» Input:
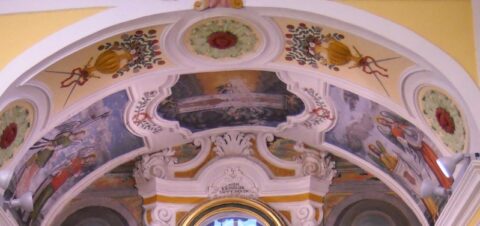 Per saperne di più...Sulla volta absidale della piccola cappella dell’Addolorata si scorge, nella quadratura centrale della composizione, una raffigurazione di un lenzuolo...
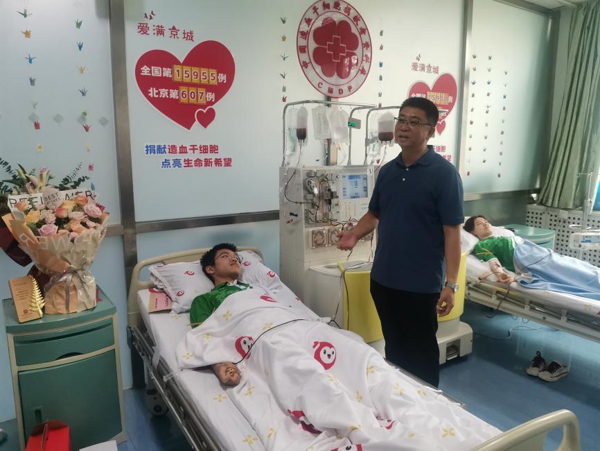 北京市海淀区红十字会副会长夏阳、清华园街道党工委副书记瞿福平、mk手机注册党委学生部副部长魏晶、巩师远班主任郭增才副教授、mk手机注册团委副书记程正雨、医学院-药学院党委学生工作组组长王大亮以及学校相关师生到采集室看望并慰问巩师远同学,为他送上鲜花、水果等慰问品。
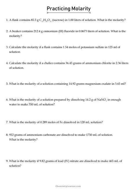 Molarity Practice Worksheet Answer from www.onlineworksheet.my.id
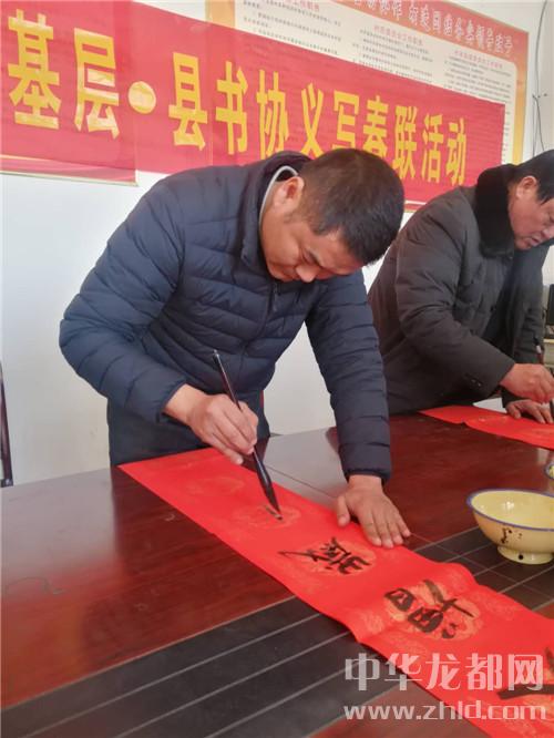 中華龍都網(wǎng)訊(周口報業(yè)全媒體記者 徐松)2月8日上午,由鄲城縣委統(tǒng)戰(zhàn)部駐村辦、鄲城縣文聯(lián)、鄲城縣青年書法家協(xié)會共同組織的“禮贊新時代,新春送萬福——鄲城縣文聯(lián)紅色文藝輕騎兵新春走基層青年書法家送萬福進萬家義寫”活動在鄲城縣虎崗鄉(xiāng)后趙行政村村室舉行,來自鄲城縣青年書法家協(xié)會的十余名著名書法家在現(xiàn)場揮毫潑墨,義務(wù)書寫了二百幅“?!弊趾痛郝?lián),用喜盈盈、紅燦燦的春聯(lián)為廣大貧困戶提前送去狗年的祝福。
==
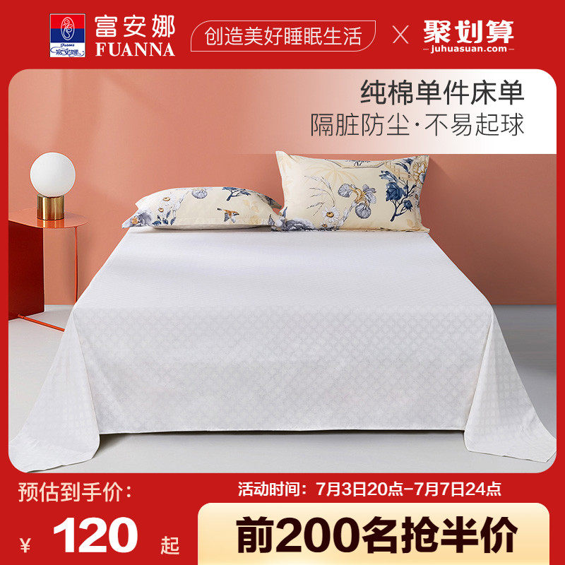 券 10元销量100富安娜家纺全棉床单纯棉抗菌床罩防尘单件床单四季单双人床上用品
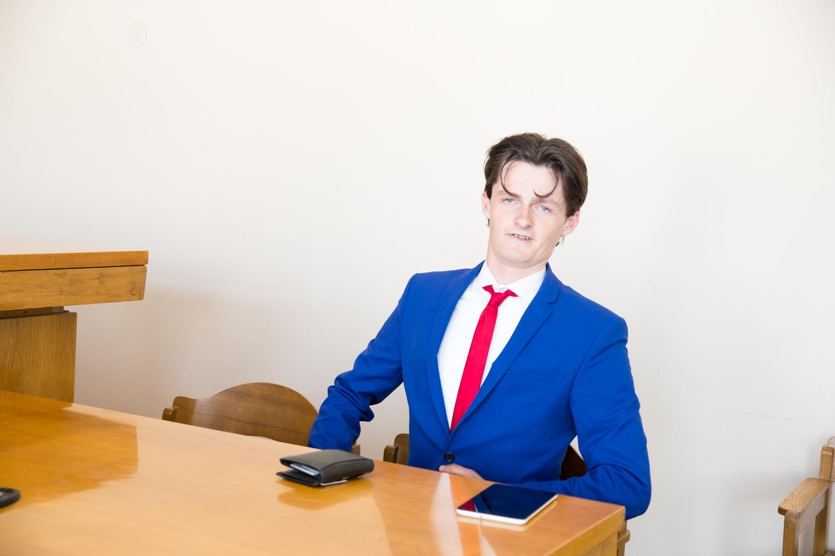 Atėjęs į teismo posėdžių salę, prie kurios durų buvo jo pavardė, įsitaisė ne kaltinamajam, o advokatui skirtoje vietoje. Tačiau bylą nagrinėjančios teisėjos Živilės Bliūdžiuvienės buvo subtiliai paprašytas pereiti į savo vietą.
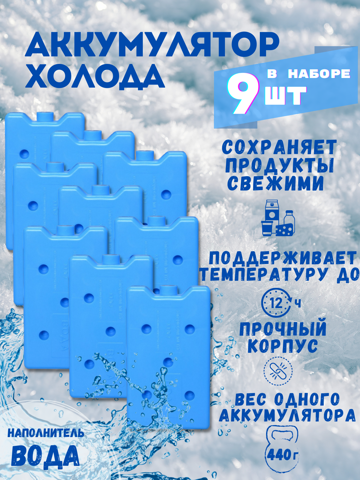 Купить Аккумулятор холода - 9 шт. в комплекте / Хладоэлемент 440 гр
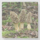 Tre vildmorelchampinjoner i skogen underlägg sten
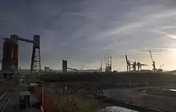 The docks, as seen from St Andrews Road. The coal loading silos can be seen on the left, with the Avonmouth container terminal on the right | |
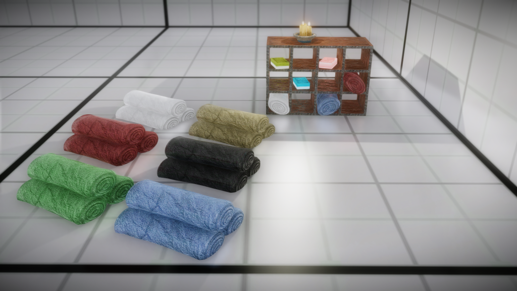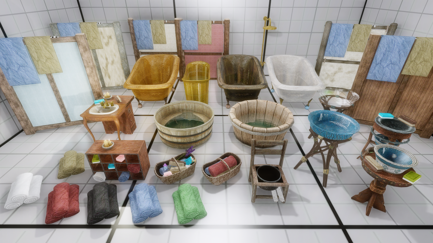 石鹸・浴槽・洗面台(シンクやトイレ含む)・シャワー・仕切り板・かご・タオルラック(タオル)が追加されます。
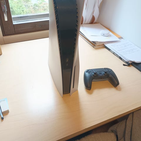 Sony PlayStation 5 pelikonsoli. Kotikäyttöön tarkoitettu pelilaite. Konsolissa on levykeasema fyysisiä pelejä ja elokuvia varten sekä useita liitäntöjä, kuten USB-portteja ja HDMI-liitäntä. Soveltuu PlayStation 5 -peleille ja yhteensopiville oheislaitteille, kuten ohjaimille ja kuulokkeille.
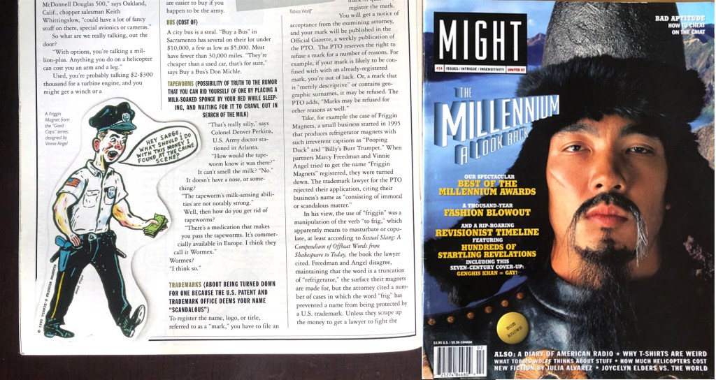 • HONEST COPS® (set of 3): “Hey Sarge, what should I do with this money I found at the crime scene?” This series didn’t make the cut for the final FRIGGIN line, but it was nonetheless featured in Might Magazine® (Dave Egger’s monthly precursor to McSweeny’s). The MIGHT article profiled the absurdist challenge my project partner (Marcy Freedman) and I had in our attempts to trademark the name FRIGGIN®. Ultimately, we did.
...
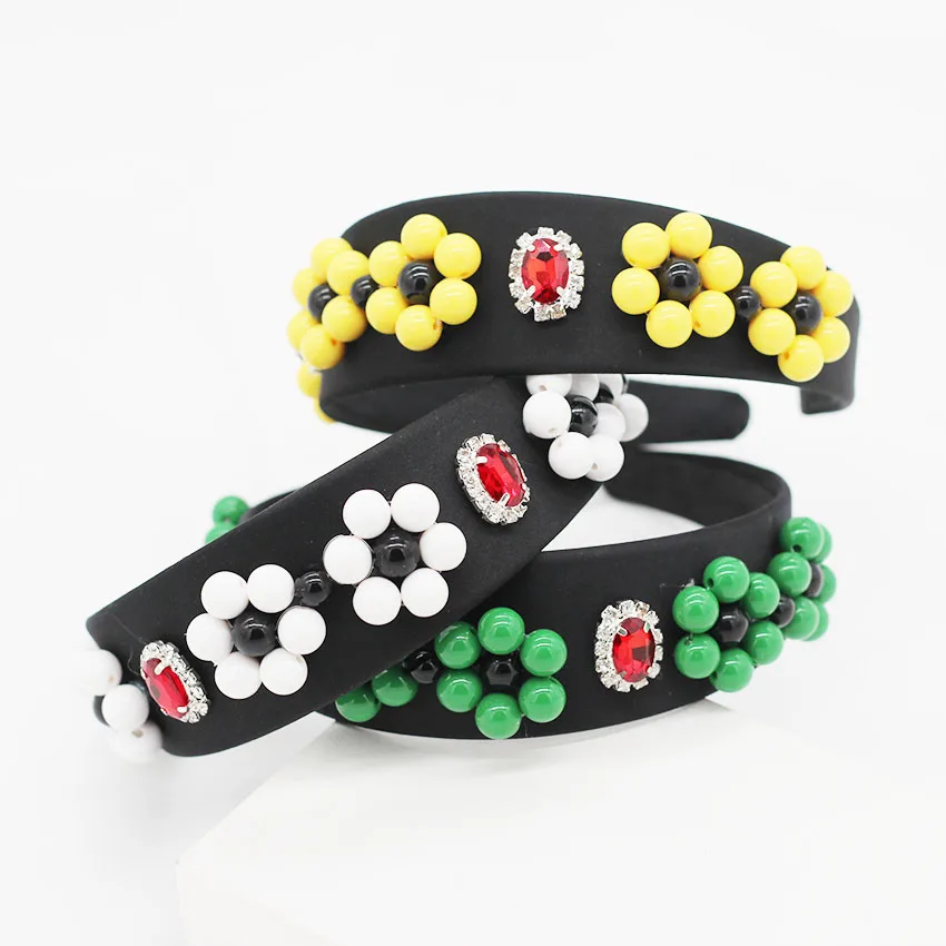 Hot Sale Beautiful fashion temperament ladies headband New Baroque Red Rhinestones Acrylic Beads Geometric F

» Brief: From the records above, copy exactly the lines starting at the one with "Atėjęs į teismo" and ending at the one with "石鹸・浴槽・洗面台(シンクや", and no others. Pictures stay out.

» Reply:
 Atėjęs į teismo posėdžių salę, prie kurios durų buvo jo pavardė, įsitaisė ne kaltinamajam, o advokatui skirtoje vietoje. Tačiau bylą nagrinėjančios teisėjos Živilės Bliūdžiuvienės buvo subtiliai paprašytas pereiti į savo vietą.
 Купить Аккумулятор холода - 9 шт. в комплекте / Хладоэлемент 440 гр
 Tre vildmorelchampinjoner i skogen underlägg sten
 The docks, as seen from St Andrews Road. The coal loading silos can be seen on the left, with the Avonmouth container terminal on the right | |
 石鹸・浴槽・洗面台(シンクやトイレ含む)・シャワー・仕切り板・かご・タオルラック(タオル)が追加されます。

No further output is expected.